Aucun relevé complet des eaux du Nord et des régions environnantes occupées par cette population n’a été mené; on ne dispose donc que de données partielles obtenues à des saisons et à des années différentes pour estimer la taille de la population. Finley et Renaud (1980) ont dénombré environ 700 morses dans les eaux du Nord en mars 1979, mais n’en ont aperçu qu’un petit nombre lors d’un relevé mené l’année précédente. Durant un relevé systématique de la région à la fin de mars 1993, Richard et al. (1998) ont aperçu 13 individus très dispersés. Davis et al. (1978) ont inventorié les échoueries terrestres et les eaux voisines dans le centre de l’Extrême-Arctique canadien en 1977. Entre le 21 et le 23 août, ils ont dénombré 303 individus dans la région de la baie Goose et de la baie Walrus, dans le sud-ouest de l’île d’Ellesmere, et dans la région de la baie Norfolk et de la baie Arthur, dans le nord de l’île Devon. Ils ont également dénombré 118 individus du côté oriental du détroit de Penny, 281 dans la région du détroit de Crozier, du détroit de Pullen et de la baie Milne et 71 le long de la côte sud-ouest de l’île Devon. Dans cette dernière région, un ours blanc était présent dans l’une des échoueries, et les individus dans l’eau n’ont pas été dénombrés. La distance séparant ces régions et la courte période durant laquelle les relevés ont été menés excluent presque toute probabilité que des individus aient été comptés deux fois. D’après ces dénombrements, au moins 773 morses se trouvaient dans la région en 1977.

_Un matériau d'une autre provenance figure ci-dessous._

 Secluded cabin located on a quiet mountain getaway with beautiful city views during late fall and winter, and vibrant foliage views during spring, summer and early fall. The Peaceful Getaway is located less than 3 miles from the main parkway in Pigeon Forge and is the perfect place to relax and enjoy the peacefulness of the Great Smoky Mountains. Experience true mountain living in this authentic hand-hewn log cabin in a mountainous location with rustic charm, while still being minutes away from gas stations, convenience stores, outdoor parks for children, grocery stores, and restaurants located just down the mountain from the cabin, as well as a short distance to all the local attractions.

Ces données et d’autres ont été examinées en détail par Born et al. (1995), qui estiment les abondances estivales de morses : à 100 dans la région du bassin Kane; à 300 dans la baie Buchanan (78°58’N, 75°11’O) et la baie Princess Marie (79°20’N, 76°00’O); à 300-600 dans le détroit de Jones et le long de la côte est de l’île d’Ellesmere, au sud de l’île Pim (78°44’N, 74°25’O); à 1 000 dans la région du détroit de Lancaster et le long de la côte sud de l’île Devon. Ces chiffres sont des conjectures puisque les données sont insuffisantes pour produire une évaluation précise et actualisée. Depuis, des relevés de fin d’été dans les eaux côtières du détroit de Jones et du nord du détroit de Lancaster menés quatre années consécutives (1998-2001) ont produit des dénombrements moyens d’environ 350 morses (MPO, 2000; R. Stewart, MPO, comm. pers., 2004). Ces chiffres n’infirment pas les estimations, mais confirment plutôt qu’au moins 350 morses vivaient dans la région ces dernières années.

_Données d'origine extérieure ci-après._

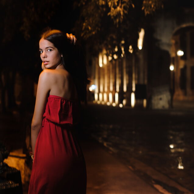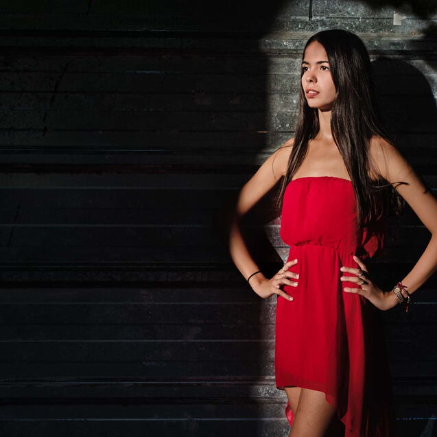 ¶ Wie in vielen südlichen Ländern geht auch in Kuba die Sonne sehr schnell unter. Je schräger der Winkel, desto dramatischer … ein Spotlight im Studio ist dagegen geradezu eine »weiche Softbox«. Jedenfalls war diese Lichtstimmung für Grettell im ihrem rotem Kleid wie gemacht, herrlich!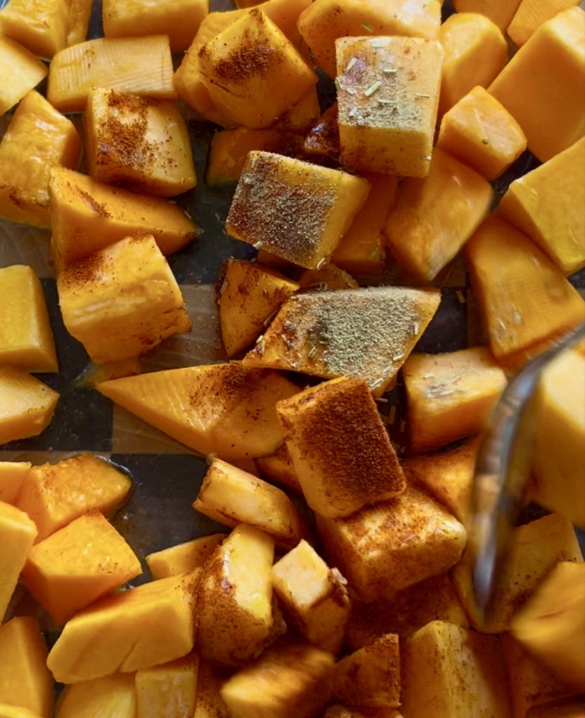 Asse a abóbora no forno a 190°C por 25–30 minutos, temperada com azeite, sal, pimenta e páprica, até ficar macia e levemente dourada.

Un relevé aérien a été mené en août 1999 le long de la côte est de l’île d’Ellesmere, dans le détroit de Jones, dans le sud de l’île Devon, dans l’île Cornwallis et dans la péninsule Grinnell. Un total de 452 morses ont été dénombrés. Witting et Born (document de travail cité dans NAMMCO, 2006) ont appliqué un facteur de correction à ce dénombrement et estimé qu’environ 1 000 individus étaient présents dans la région inventoriée. Ils ont également présumé que les régions non inventoriées abritaient environ 500 individus. La NAMMCO (2006) a indiqué que l’estimation totale de 1 500 individus pour les eaux du Nord ne doit pas être employée dans les évaluations tant que de l’information additionnelle sur la conception et l’analyse des relevés ne sera pas présentée.


Population de la Nouvelle-Écosse, de Terre-Neuve et du golfe du Saint-Laurent (Maritimes)

On estime que cette population comptait des dizaines de milliers d’individus à l’origine. Aucun signe de rétablissement de cette population n’a été observé au cours des 200 dernières années.